In early 2015 the Lotteries Council of Great Britain commissioned Decaid Consulting to carry out a benchmarking exercise among its members, to identify attrition levels in lottery campaigns. The aim was to permit members better to plan, manage and advocate for their lottery product within their own organisation, and also to enable the Lotteries Council to strengthen its advocacy of charitable lotteries at a national level.
The study broke lottery entrants down by payment method – cash, direct debit, cheque, standing order and credit card. Anonymised data was provided by Lotteries Council members for the period 2010 – 2014. The measurement used was based on weekly draws, this being the most easily measured and accurate data recorded by charities. The results were weighted to take into account the vastly differing numbers of players participating in individual campaigns. Players who did not make their first payment were removed from the calculation, and recorded as “no-shows”: thus the attrition results were based only on players who paid for their first draw.

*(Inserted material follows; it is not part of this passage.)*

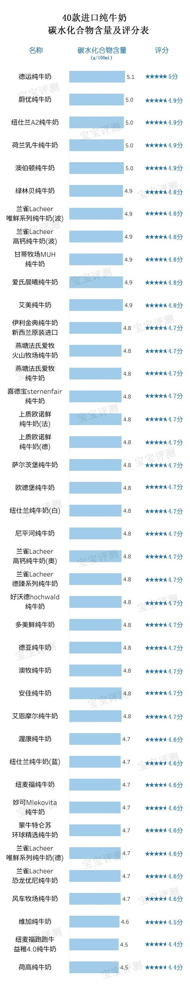 2、40款进口纯牛奶的碳水化合物一盒含量,与上期国产纯牛奶评测的情况基本一致200克,整体差别不大。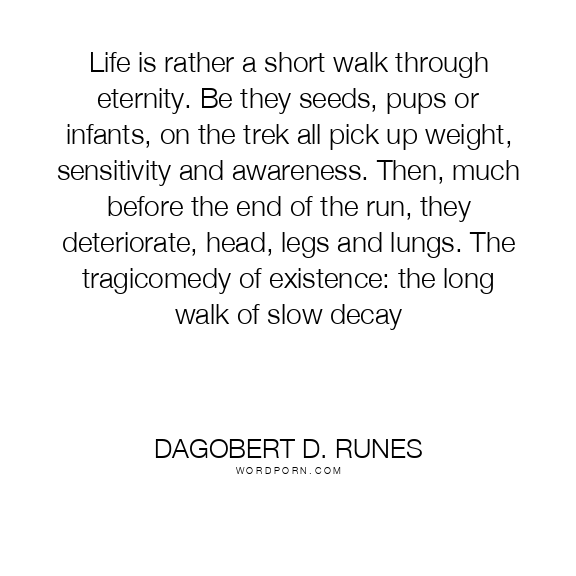 Life is rather a short walk through eternity. Be they seeds, pups or infants, on the trek all pick up weight, sensitivity and awareness. Then, much before the end of the run, they deteriorate, head, legs and lungs. The tragicomedy of existence: the long walk of slow decay

The results need to be considered in light of the fact that the respondent pool was relatively small: in total, 25 charities responded to the call to participate; however 4 did not submit any data ultimately, and 3 submitted data that was unusable. This left a pool of 18 participants. Of the total usable campaigns, 49% of entries were by direct debit, 39% by standing order, 7% by credit card and cheque and 5% by cash.
The study was keen to monitor the “no-show” rate for direct debit and standing order players, largely because a further contact with the player is often enough to prompt restoration of their instruction to their bank. The results, perhaps unsurprisingly, showed that standing orders perform rather better than direct debits in terms of player retention, with an overall decrease of 3.5% between 2010 and 2014, compared to an increase of 5% for direct debits.
Cash campaigns showed a relatively high attrition rate, but this is closely related to the success of the particular campaign. For example, of 8 campaigns, one showed an attrition level of 25% over 2 years, with another experiencing 45%. This has served to demonstrate the importance of charitable lotteries’ strategy, advertising and “message”, when seeking to attract cash players.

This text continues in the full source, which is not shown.